After the New Bedford raid began, the state DSS says ICE took more than 24 hours to let its workers interview the detainees to find out about children who might need care. Some DSS staffers had to fly to an ICE detention facility in Texas to interview parents who had been taken there.

“The delay caused unnecessary suffering for many children, their parents and the greater community,” Massachusetts HHS Secretary JudyAnn Bigby said in lambasting ICE at a special state legislative hearing last month. “Much of this crisis could have been avoided had there been written federal humanitarian policies in place.”

Bigby said that “federal authorities should work with local officials to identify mutually agreed upon procedures that enable human services providers to be in contact with detainees in a secure setting. The policy should allow human services workers to meet with detainees to identify individual circumstances that put themselves, their children and other vulnerable people, such as the elderly, at risk.”

ICE said the DSS was given broad access to all detainees, that several were let go immediately or within days of the operation, and that no children were placed in foster care as a result of the operation.

Some members of Congress, including Sen. Edward Kennedy (D-Mass.), demanded changes in ICE procedures, with Rep. William Delahunt (D-Mass.) pledging hearings by the House Judiciary subcommittee on Immigration.

Living with It

It’s difficult to tell if the occasional objections will translate into changes.

When 30 undocumented workers were arrested in a raid in February in Santa Fe, N.M., local officials widely denounced the raids for their effect on children. “Families are being torn apart, literally,” Mayor David Coss publicly declared.

The American Civil Liberties Union has filed a request for ICE records surrounding that raid, as well as raids in California, in response to news reports about inappropriate tactics, including round-ups taking place near schools and minor children left unattended after their parents were arrested.

But the raids don’t always produce conflicts with local officials. After a raid in Baltimore in late March netted 69 alleged immigration law violators, the city’s Department of Social Services got no emergency referrals, said department spokeswoman Sue Fitzsimmons. The department reported no problems with how ICE handled the case.

As with several recent raids, ICE issued a news release noting that the detainees were interviewed by local human services officials and were offered access to child protective services.

In Massachusetts, State Sen.
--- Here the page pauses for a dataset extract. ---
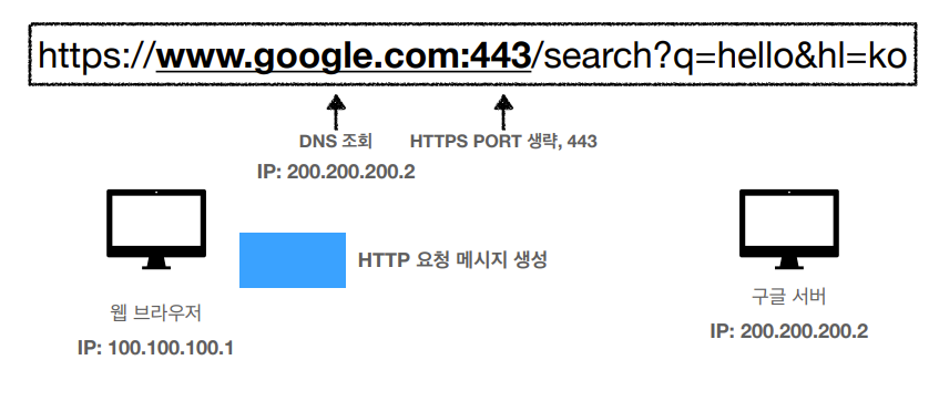 웹 브라우저는 해당 DNS를 통해 IP주소와 포트번호를 찾고 HTTP 요청 메세지를 만든다.

Karen Spilka (D) plans to draft child welfare recommendations for the congressional delegation and for state and local officials on how ICE raids should be handled, said her spokeswoman, Sarah Blodgett.

In the end, the amount of cooperation with child welfare is up to ICE. “ICE holds all the cards,” said David Leopold, a national leader of the American Immigration Lawyers Association and an immigration attorney in Cleveland.

He said ICE can mitigate the impact of raids on children by releasing on bond undocumented workers who don’t pose a flight risk or who aren’t dangerous.

“Nobody is advocating that people work in this country without documentation, unlawfully,” Leopold said. But unless Congress makes the immigration system more rational, he said, the “collateral damage” on children will continue.

Jen Russell contributed to this report.